#### [DATA PROVIDED]
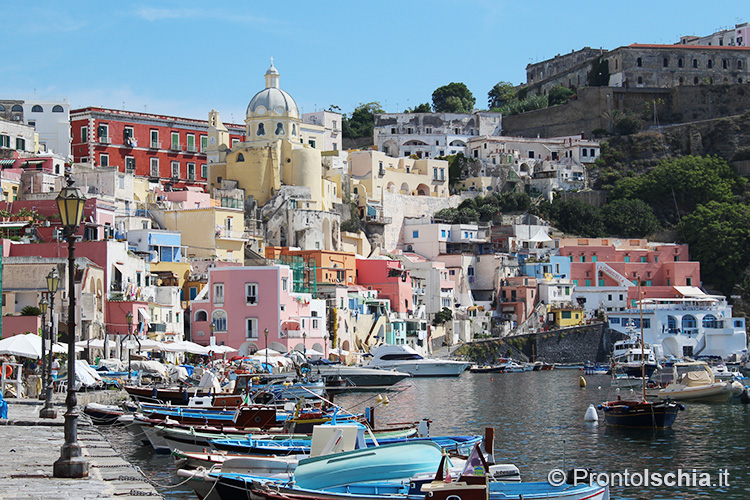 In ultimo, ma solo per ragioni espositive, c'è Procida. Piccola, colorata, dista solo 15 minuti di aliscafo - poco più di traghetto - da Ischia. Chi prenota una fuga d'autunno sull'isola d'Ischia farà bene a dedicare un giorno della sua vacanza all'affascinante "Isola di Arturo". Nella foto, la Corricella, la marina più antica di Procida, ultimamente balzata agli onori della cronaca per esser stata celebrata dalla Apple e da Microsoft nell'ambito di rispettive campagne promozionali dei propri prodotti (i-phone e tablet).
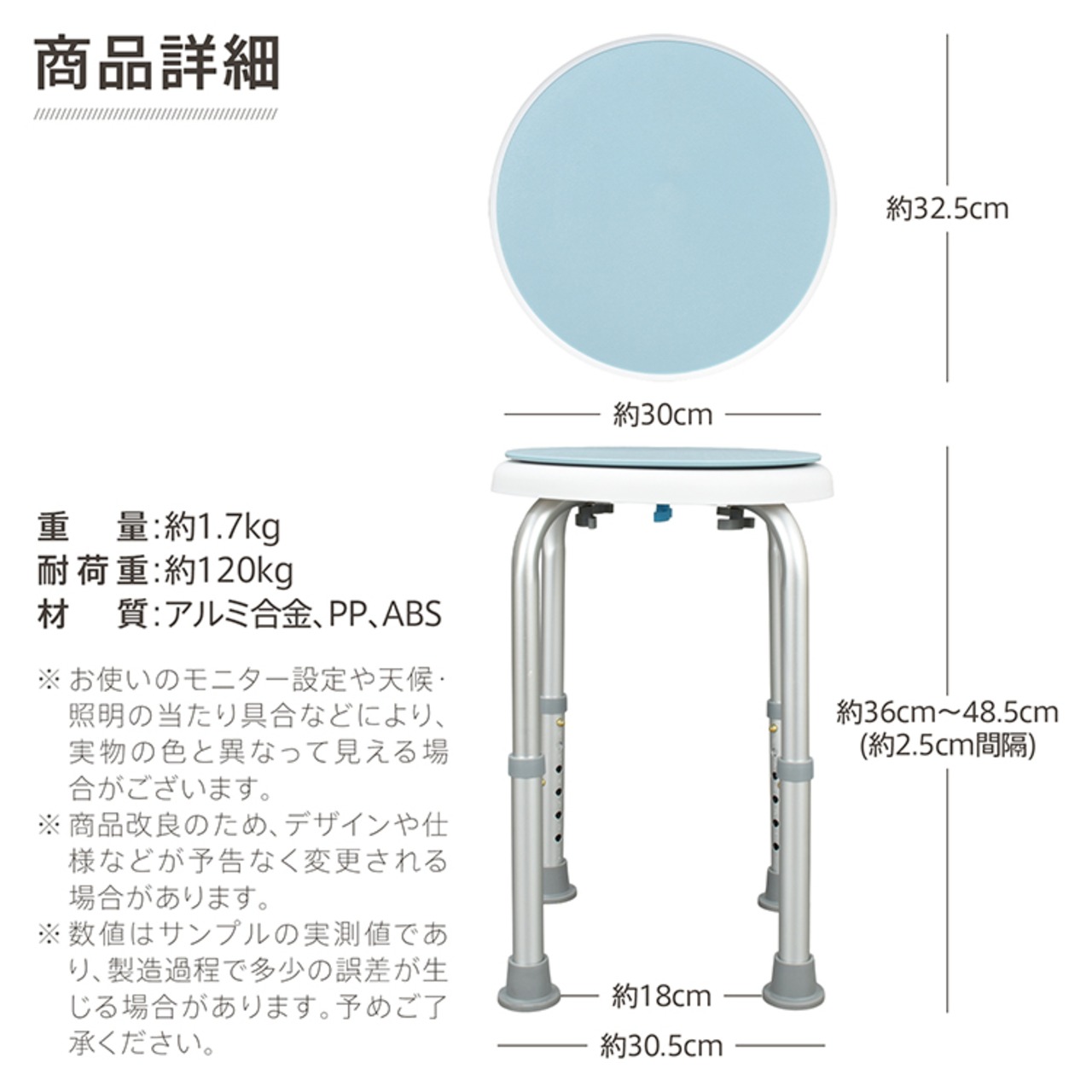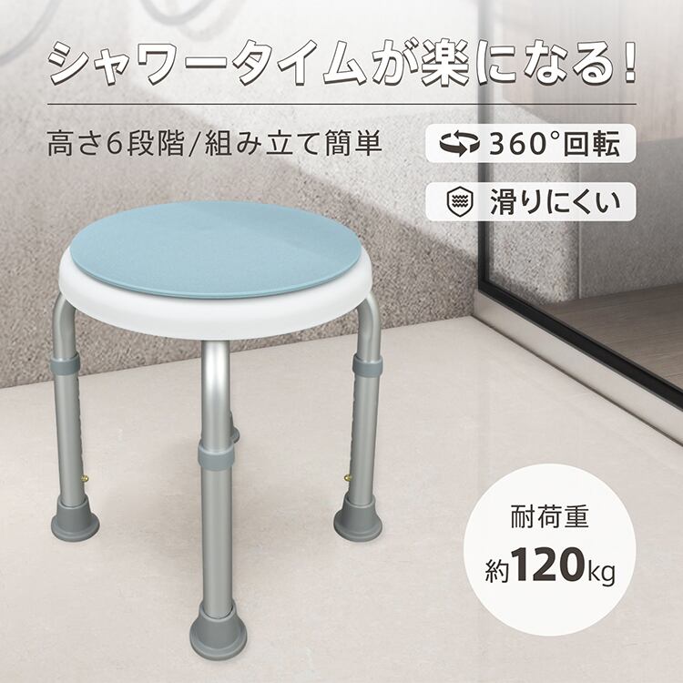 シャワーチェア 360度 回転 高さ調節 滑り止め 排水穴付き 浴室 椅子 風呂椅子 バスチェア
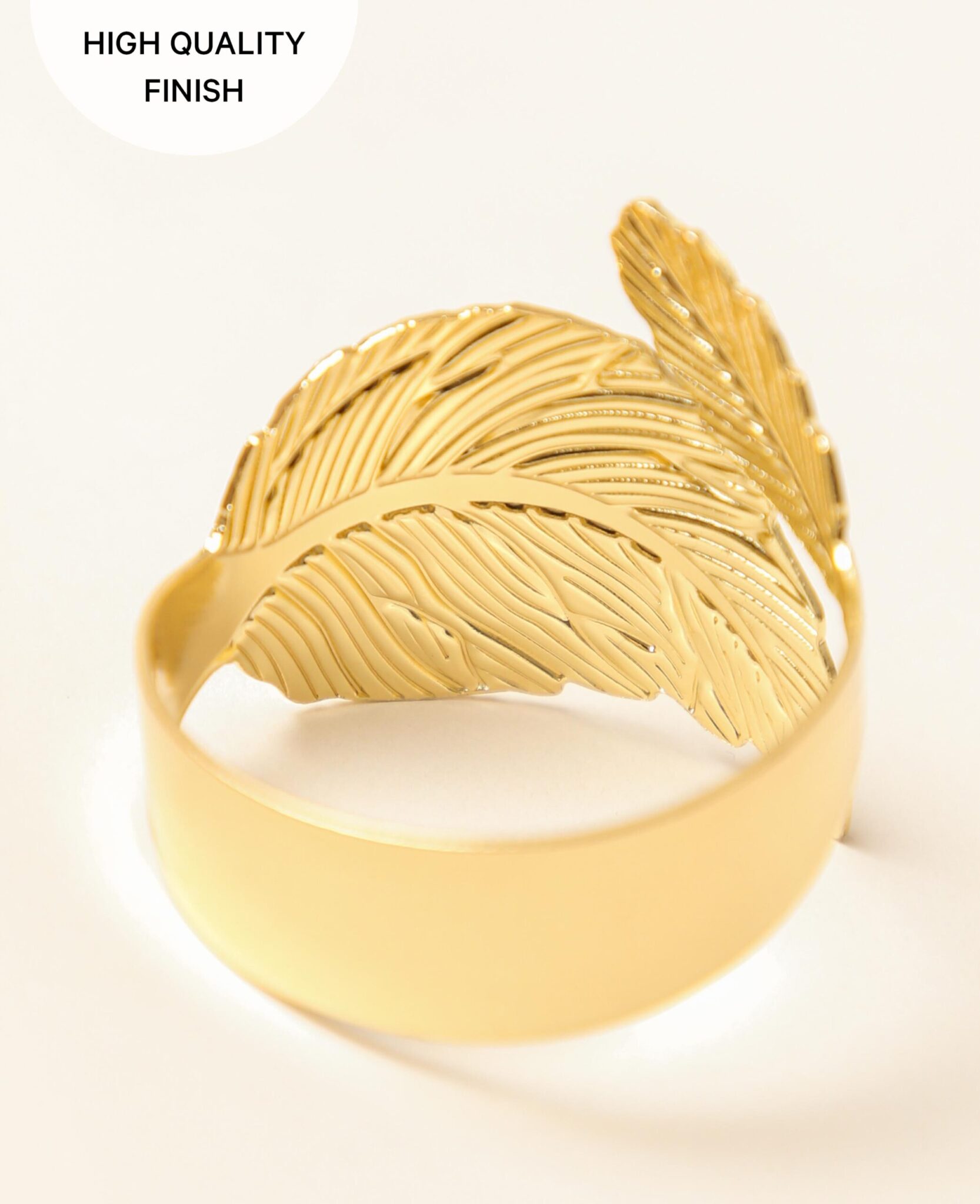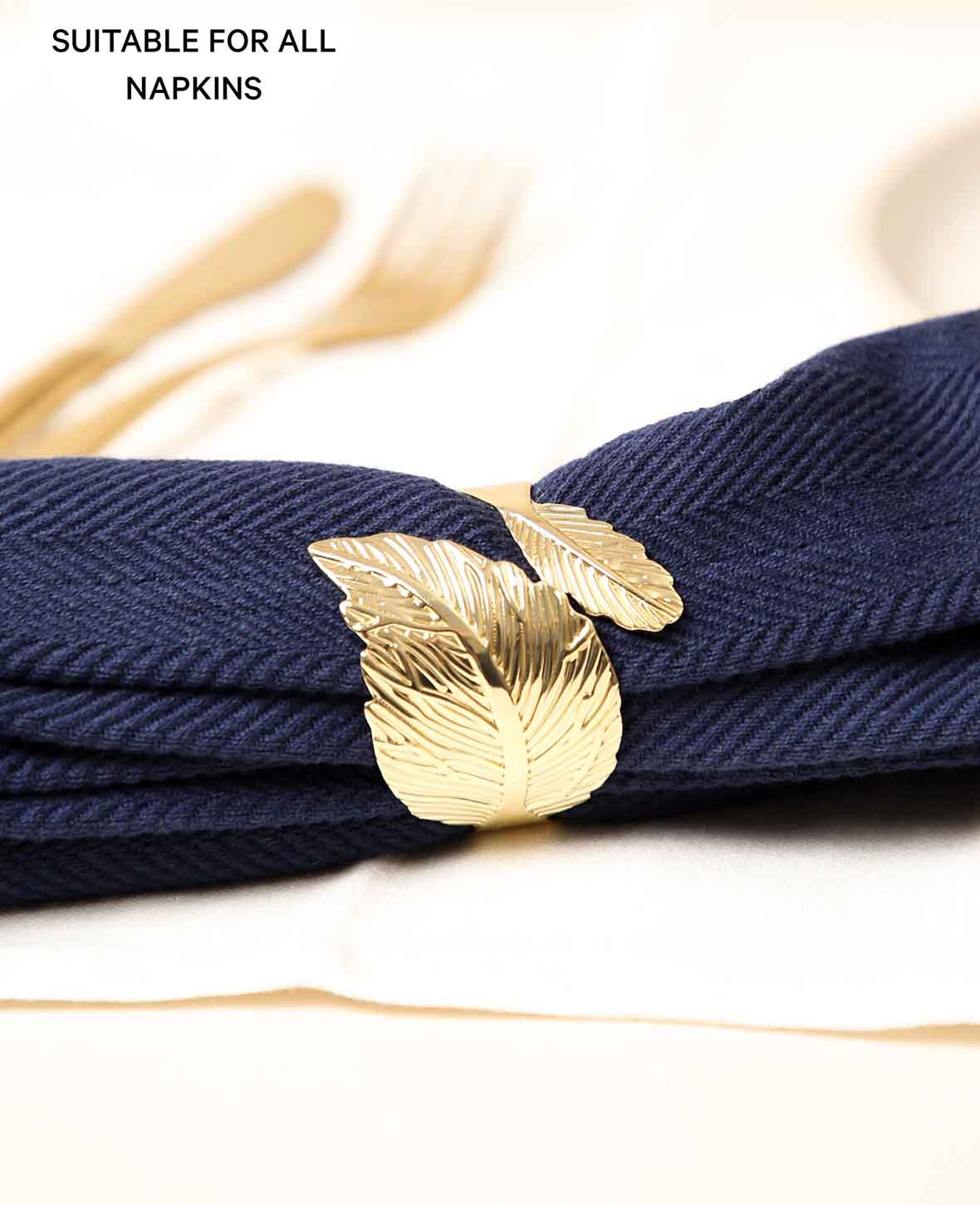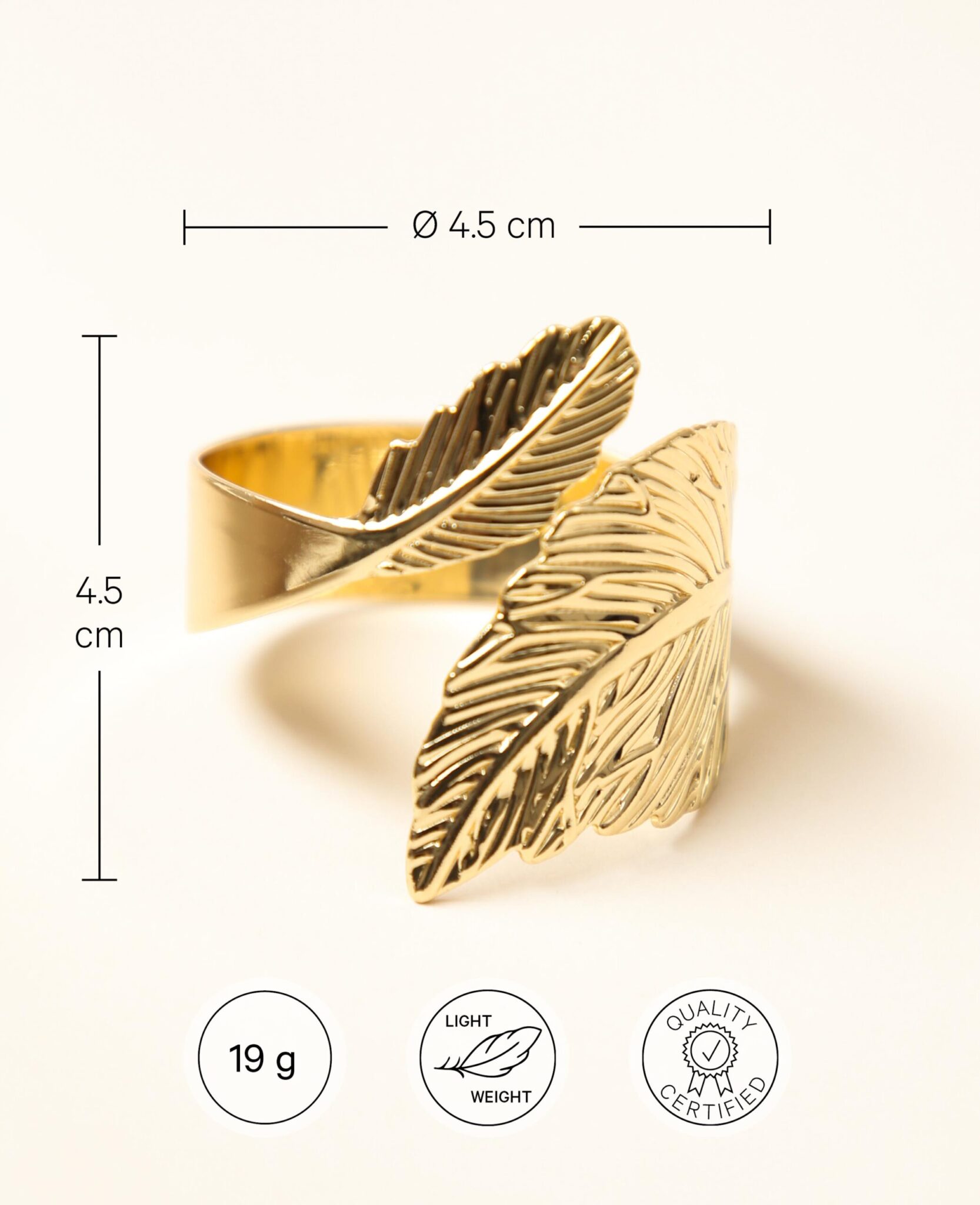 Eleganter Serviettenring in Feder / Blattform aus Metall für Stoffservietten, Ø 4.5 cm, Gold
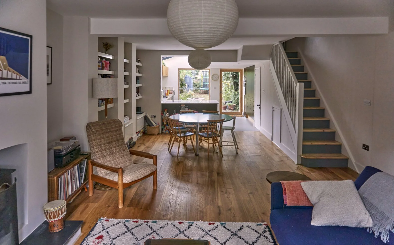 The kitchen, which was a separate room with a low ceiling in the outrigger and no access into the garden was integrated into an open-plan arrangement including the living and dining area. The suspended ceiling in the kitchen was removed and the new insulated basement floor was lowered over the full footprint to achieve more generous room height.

#### [ABOUT THIS TASK]
Take the lines from the one that contains "Eleganter Serviettenring in" through the last line of the material above and reproduce them exactly, leaving out any pictures.

#### [COMPLETED TASK]
 Eleganter Serviettenring in Feder / Blattform aus Metall für Stoffservietten, Ø 4.5 cm, Gold
 The kitchen, which was a separate room with a low ceiling in the outrigger and no access into the garden was integrated into an open-plan arrangement including the living and dining area. The suspended ceiling in the kitchen was removed and the new insulated basement floor was lowered over the full footprint to achieve more generous room height.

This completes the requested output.